The "Do" suffix to the system's title indicates "a way of", in this case directly referring to "the way of devoting oneself to the Way". For some students, this means a devotion to the martial art, while to others, it means a devotion to Jesus Christ as "The Way". Along with training in self defense/combat techniques, there is also an emphasis in some Keichu schools on learning Judeo-Christian ideals as a way of avoiding fights and conflicts. However, students of all or no faith backgrounds are welcomed to train in Keichu-Do; no specific beliefs are required.
The individual techniques of the system come from multiple pre-existing styles. What makes the system unique is the way in which the system was organized, how the techniques are used, and how they are combined. Marx came to believe that Americans on the street attacked differently than the ways in which the martial artists of the Asian countries had attacked in the past. Over time Marx developed his own style of fighting that was designed to be used in common self-defense situations as encountered in America. Marx's system developed to use a minimum of movement to achieve a maximum of damage to an opponent, very similar to the "maximum efficiency - minimum effort" credo of Aikido, Judo and other arts. The techniques of Keichu Ryu were originally intended not to be flashy, but streamlined and practical. Using his own "street" experience, Soke Marx's original intent was to create a self-defense system that would be effective for smaller and physically weaker people to use against commonly encountered types of attacks.

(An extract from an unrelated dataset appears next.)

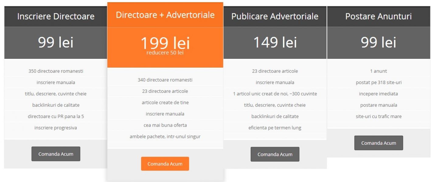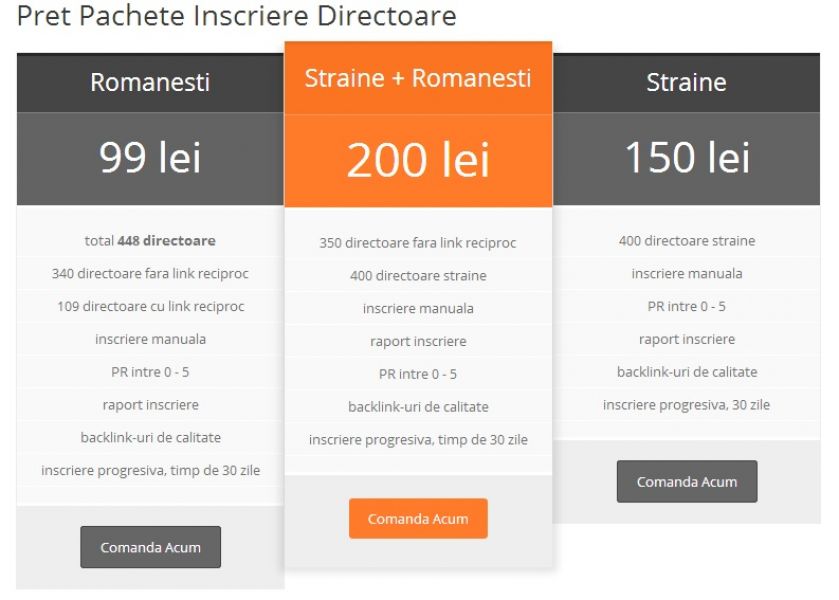 Pentru o mai buna pozitionare in Google inscriem site-ul tau in 340 de directoare in decursul a 30 de zile. Oferim facture si raport de inscriere. Inscrierea se face manual de catre operatori umani. Pret 99 ron, plata se face prin transfer bancar sau direct in sediul din Bucuresti. Pentru mai multe detalii contactati-ne!

Keichu employs three basic strategies;-
Marx has also made a number of medical claims in his written works that do not correspond to conventional medicine. In his book "Martial Arts Spirit," Marx claimed that several illnesses were due to psychological origins; in one section, he claimed that mononucleosis was caused by "emotional repression and sexual starvation (MAS, page 97). He also described cancer, glaucoma, and arthritis as being due to imbalances of energy or magnetic fields throughout the body (p. 98-100).